The Commissioner called North America’s attention to Act 50 October 17, 1947. However, three days earlier North America had resubmitted the existing plan. It was reapproved in succeeding years.

North America takes the position that the law itself gives effect to the rates because the identical method of writing insurance now objected to by the Bureau was on file prior to December 1, 1947, and it was not disapproved.

Appellant insists that when the Commissioner notified North America that it should refile, and North America acquiesced, the parties thereby construed the requisite procedure, hence they cannot now be heard to plead otherwise. It is also insisted that the courts are bound by such inter-party construction, citing Yarrington v. John Hancock Mutual Life Insurance Company, 211 Ark. 474, 201 S. W. 2d 763. But in the Tarrington case a contract (as distinguished from a statute) was involved. Courts are not required to adopt the construction interested persons have placed on a legislative act, although where the language is doubtful and a subdivision of the State is involved, high regard will be accorded a construction accepted over a substantial period of time.

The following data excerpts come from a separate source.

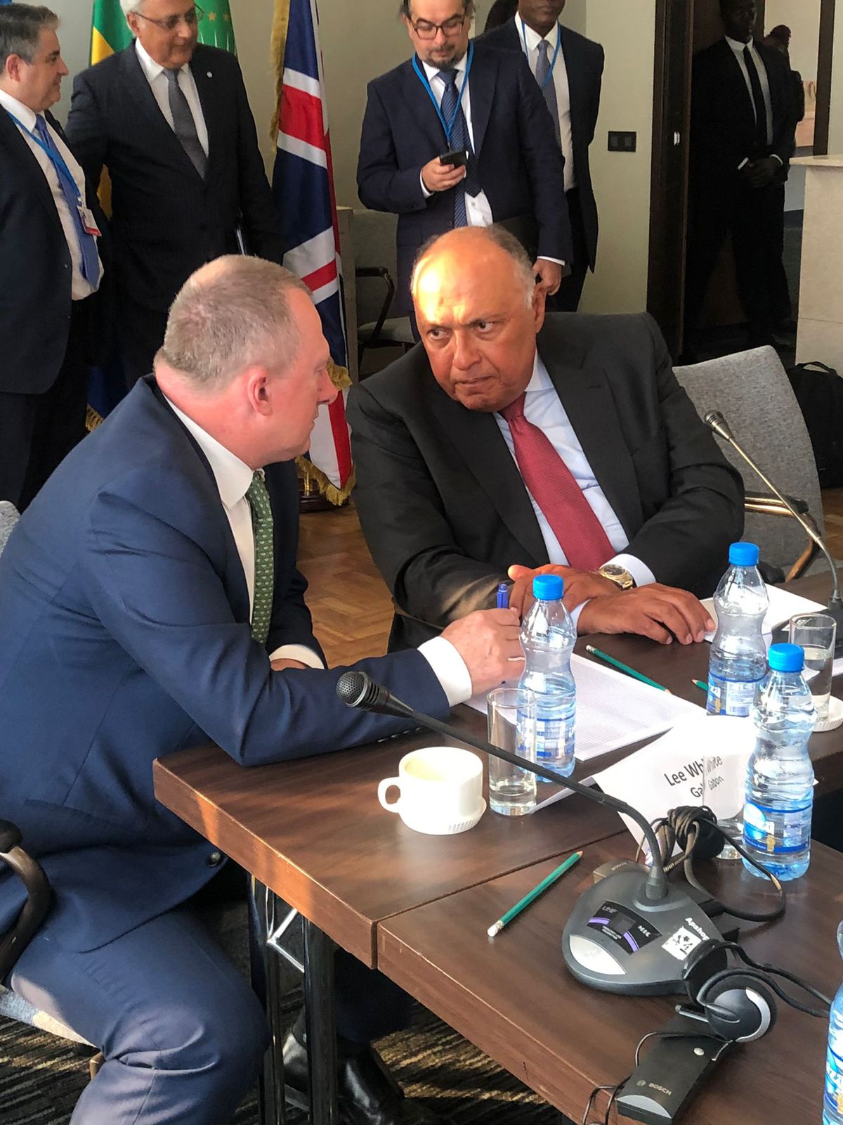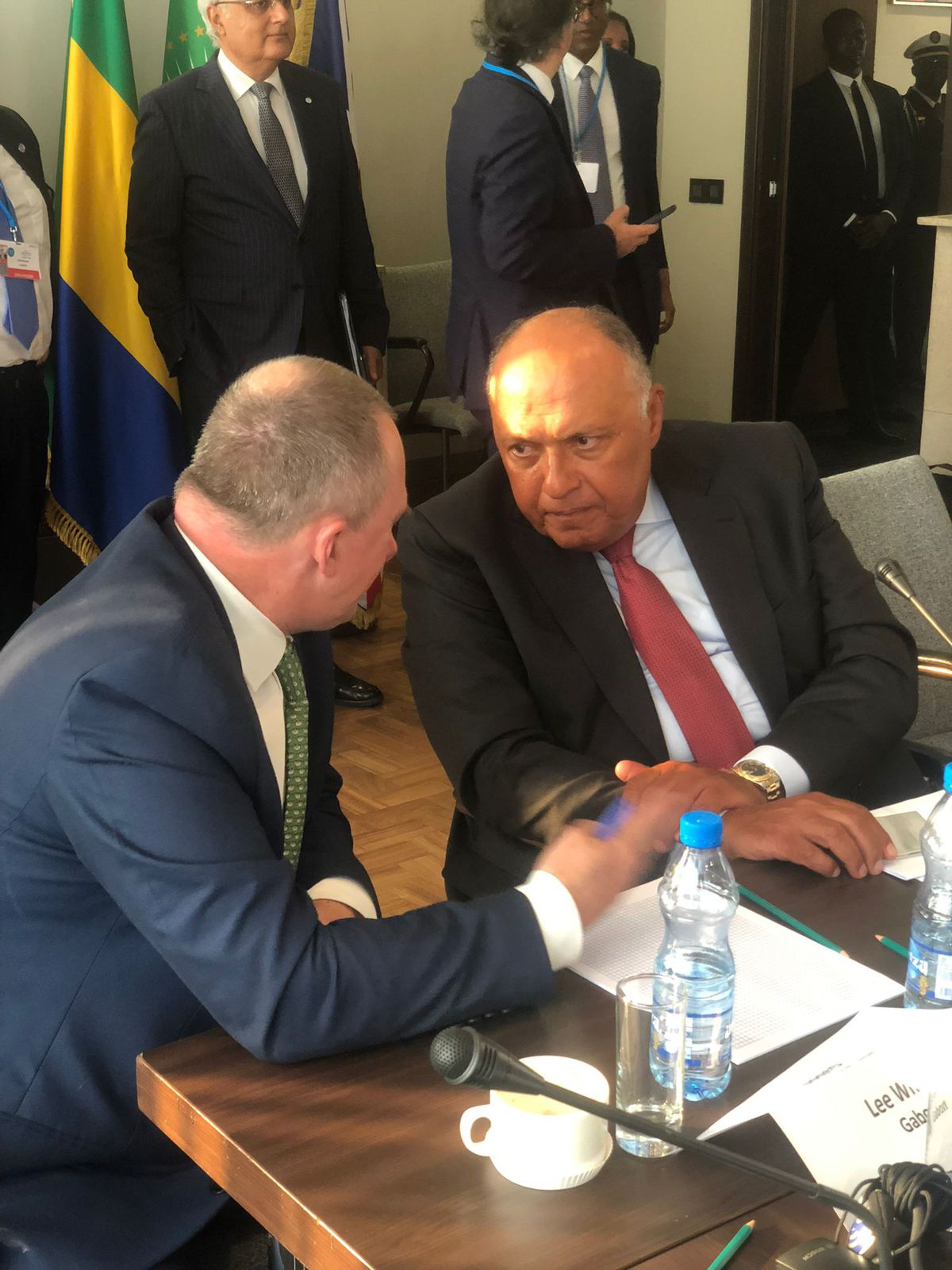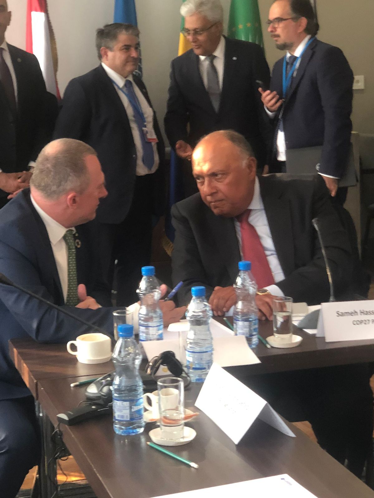 التقى وزير الخارجية سامح شكري، الرئيس المعين للدورة ٢٧ لمؤتمر أطراف اتفاقية الأمم المتحدة الإطارية لتغير المناخ COP27، اليوم الإثنين ٢٩ أغسطس ٢٠٢٢، وزير البيئة وتغير المناخ والغابات والمحيطات الجابوني "لي وايت" على هامش المشاركة في فعاليات أسبوع المناخ لإفريقيا المنعقد بدولة الجابون.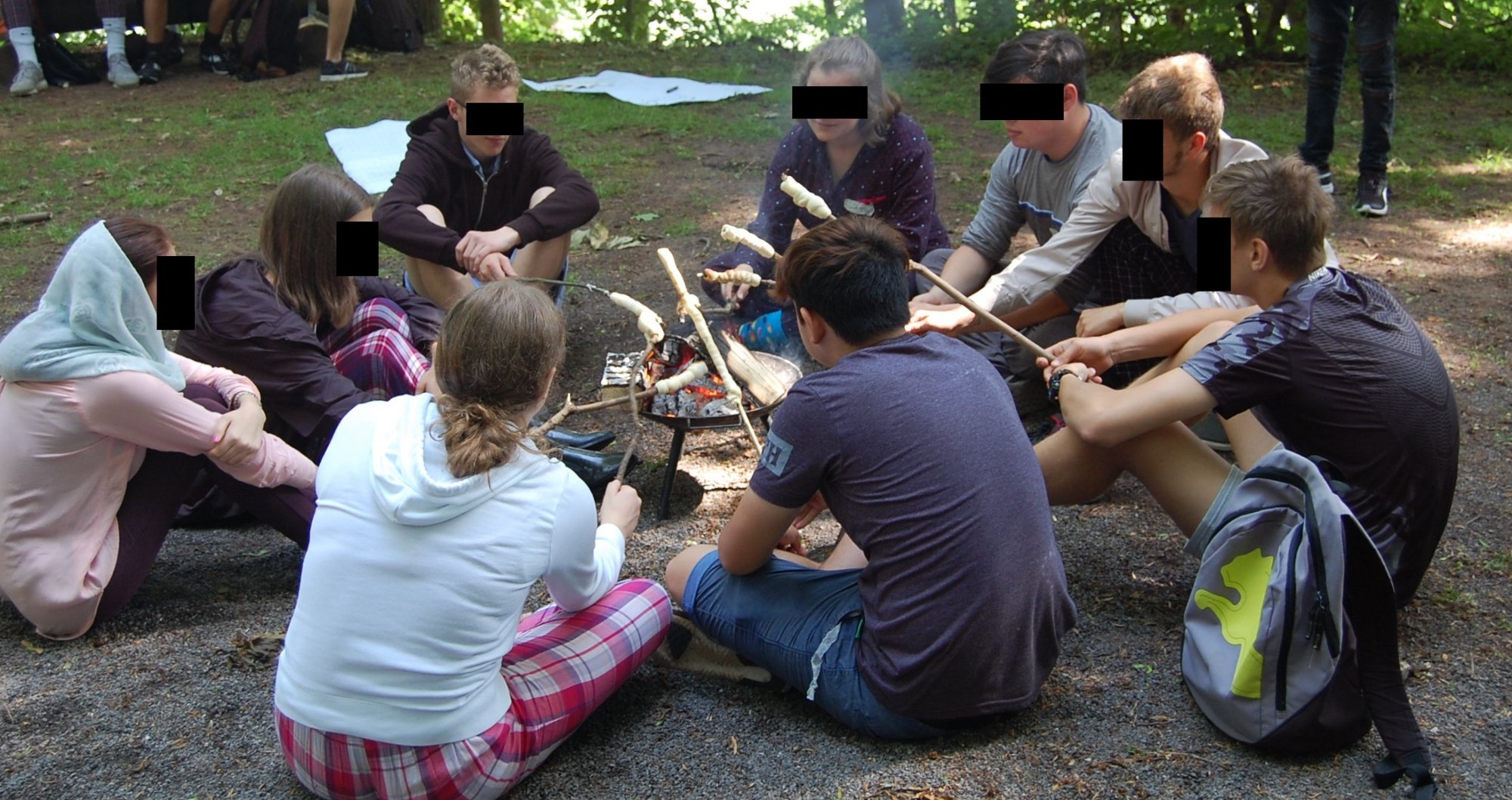 Am zweiten Tag sind wir dann in den Wald gefahren und haben noch ein paar neue Dinge besprochen. Anschließend wurden wir in Gruppen aufgeteilt und haben dann das, was wir gelernt haben, dann noch einmal praktisch wiederholt. Am Ende haben wir noch ein Lagerfeuer gemacht.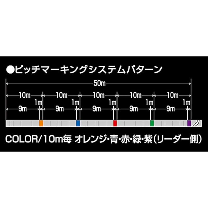 【商品概要】 巻数: 300m サイズ: 3号 (標準直径 dia.0.285mm) / 最大強力: MAX.48lb (21.8kg) / 平均強力: AVE.45lb (20.4kg) カラー: ライトグレー+5色ピッチマーキングシステム (各10m間隔 ベース ライトグレー 9m + 単色カラーマーキング 1m / カラーマーキングは "オレンジ・青・赤・緑・紫"の順番でカラーローテーション) 素材: PEライン(原糸 ポリエチレン・IZANAS) 8本組 / 生産国: 日本 シリーズ名: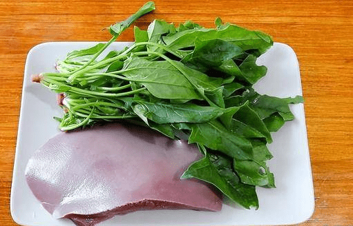 豬肝、菠菜、生薑、小蔥、枸杞、青蒜葉。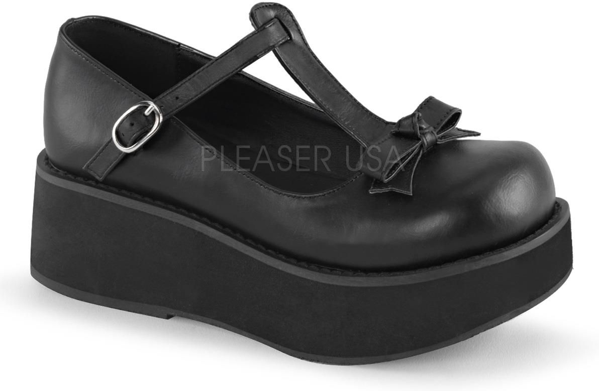 Pociągający wygląd modelu Sprite-03 potrafi naprawdę zachwycić! To buty goth z kokardą utrzymane w klasycznym, lolicim klimacie – ale z wampirzym zacięciem. Bez względu na to, czy najlepiej czujesz się w mrokach alternatywy, czy słodkim Kawaii – ten model dobrze jest mieć w swojej szafie,. Buty Demonia z paskami Sprite-03 to model, który świetnie reprezentuje nietuzinkową twórczość marki. Z jednej strony urocze, z drugiej – seksowne – są to buty dla pań, które lubią nieoczywiste połączenia w swoich stylizacjach, zarówno tych na co dzień, jak i imprezowych. Warto zauważyć, że równocześnie są to platformy gotyckie od Demonia wykonane ze skóry wegańskiej wysokiej jakości, która odznacza się ponad przeciętną odpornością na uszkodzenia zewnętrzne. Czyni to model Sprite-03 świetnym wyborem na różnego rodzaju koncerty, konwenty, czy festiwale. Buty wegańskie z kokardką Demonia Sprite-03 są dostępne w naszym sklepie w rozmiarach od 36 do 42. Ich platforma mierzy sobie 5.7 centymetrów, co zapewnia stabilną i ultra wygodną w użytkowaniu podstawę. Pasek w kształcie litery T i wdzięczna kokardka dopełniają dzieła. Będziesz je nosić częściej niż myślisz!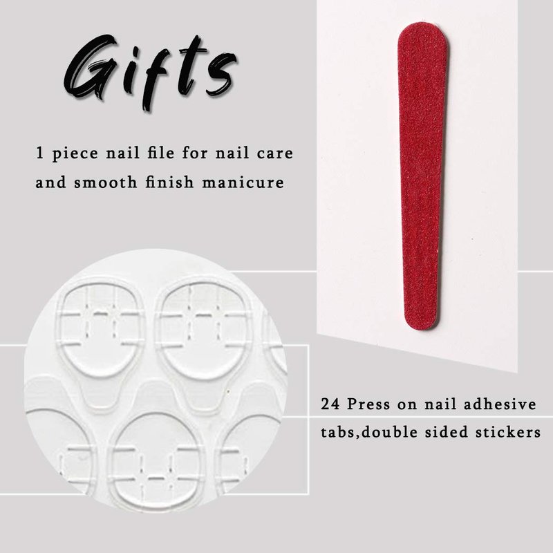 Package: 24 pcs Nails tips ,nail file & glue sticker.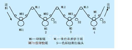 图1为凹版印刷机生产线的印刷过程简图(仅画出前面4个印刷单元)。印刷机由开卷机运行依次经过各印刷单元,进行各色的印刷和烘干,由收卷机进行收卷。每色印刷都会在印料的边缘印上以供套色用的色标,每个相邻颜色的标志线在套印精确时应相互平行,垂直(纵向)相距20mm。图1中,光电扫描头S1检测由1单元和2单元印出的色标。如果相邻两色标间隙不等于20mm,则说明套印出现了偏差,偏差经微处理器进行运算,输出控制信号以驱动执行机构,使相应的套色修正辊ML上下移动来延长或缩短印料上一单元印刷版辊到该单元印刷版辊的行程来动态修正。各单元印刷套色以前一单元印出的色标为基础。
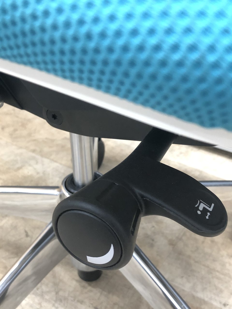サブリナはオカムラ製のオフィスシーティングです★シルフィーの上位モデル ランバーサポート付き ハンガー付 ブルーグリーン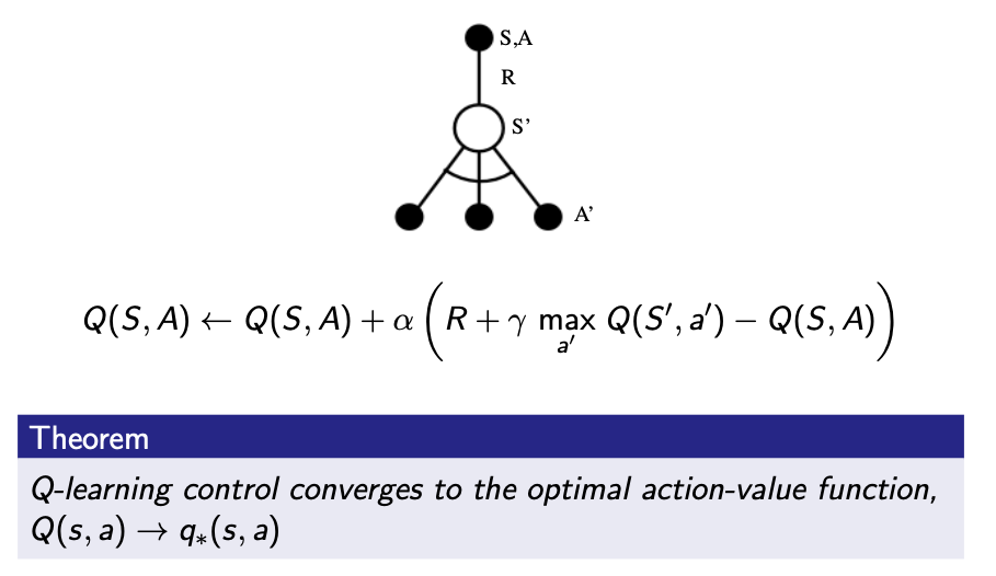- Q-learning control은 최적의 행동가치함수, $Q(s,a) \rightarrow q_{*}(s,a)$에 수렴합니다.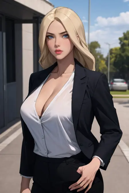 cleavage, jacket, pants, formal, suit, jewelry, black pants, open clothes, shirt, black jacket, sleeves rolled up, white shirt,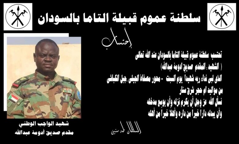سلطنة عموم التاما بالسودان تحتسب الشهيد المقدم صديق ادومة عبدالله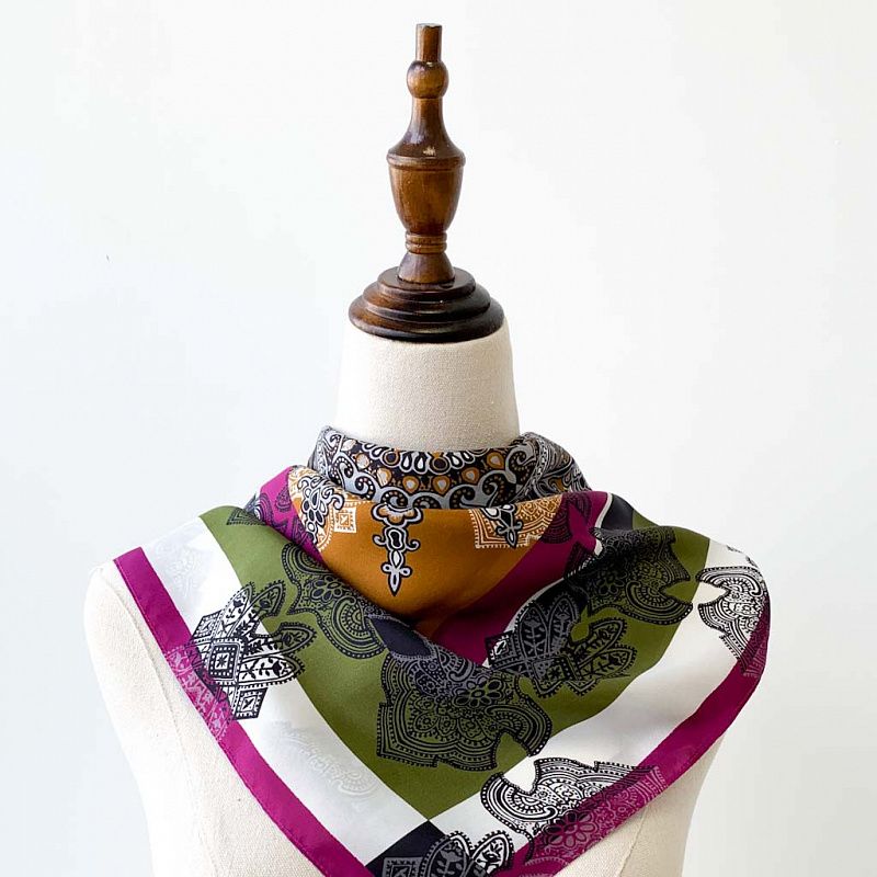 Платок выполнен из натурального итальянского шелка с этническим орнаментом на фоне сочетания цветных квадратов. Невесомый, воздушный, мягкий и пластичный, летящий, поверхность с красивым матовым блеском. Будет отличным стильным аксессуаром к платью, костюму, жакету или пальто.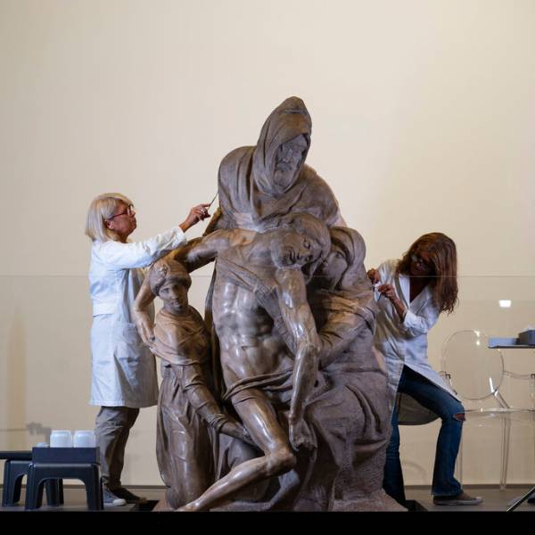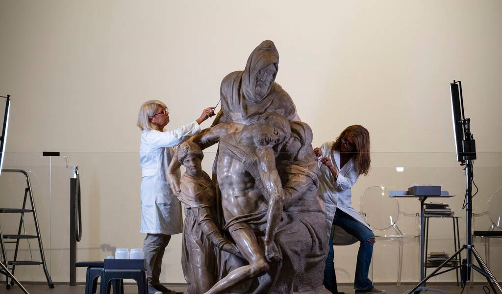 El Museo dell’Opera del Duomo en Florencia dijo el miércoles que la limpieza de la “Piedad florentina” (también llamada “Piedad Bandini”), que comenzó el año pasado, pero se suspendió debido a la pandemia del coronavirus, fue reanudada y que el público ahora puede acudir en grupos pequeños a ver a los restauradores trabajando.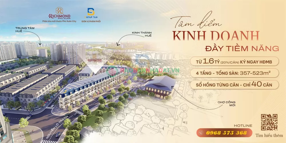 Richmond Phú Xuân mở thêm cơ hội An cư - Đầu tư hấp dẫn tại tâm điểm phát triển Bờ Nam Huế, nơi vừa có thể khai thác kinh doanh thực tế, vừa đón đầu tiềm năng tăng giá trong tương lai!

In the instant case we find nothing in North America’s plan that involves a violation of the law, and it is difficult to rationalize appellant’s contentions that the rate filing placed with the Commissioner and not disapproved prior to December 1, 1947, did not automatically become effective.

Accordingly, the judgment is affirmed on direct appeal and on cross-appeal reversed and remanded, with directions to enter a judgment consistent with, this opinion.






Dissenting Opinion

George Rose Smith, J.,

dissenting. If I correctly understand the majority opinion the court holds that the installment premium indorsement is not a deviation for the reason that it was not disapproved prior to December 1, 1947. I do' not see why this fact makes any difference. The Act provides that all filings shall become effective after fifteen days unless disapproved by the Commissioner within that period. Ark. Stats. 1947, § 66-404 (d). Evidently the legislature wanted to provide a waiting period before the Act went into effect, so that insurance could still be sold at existing rates until new rates could be filed under the Act. All that § 66-404 (i) does is to designate the period between October 1 and December 1, 1947, as the time for filing the initial rates under the new law. If the installment premium indorsement was then a deviation, and I think it too plain for argument that it was, the fact that it happened to be one of the initial filings is immaterial. I agree that the plan is not unfairly discriminatory, but I do think it a deviation and so would affirm the judgment on cross appeal.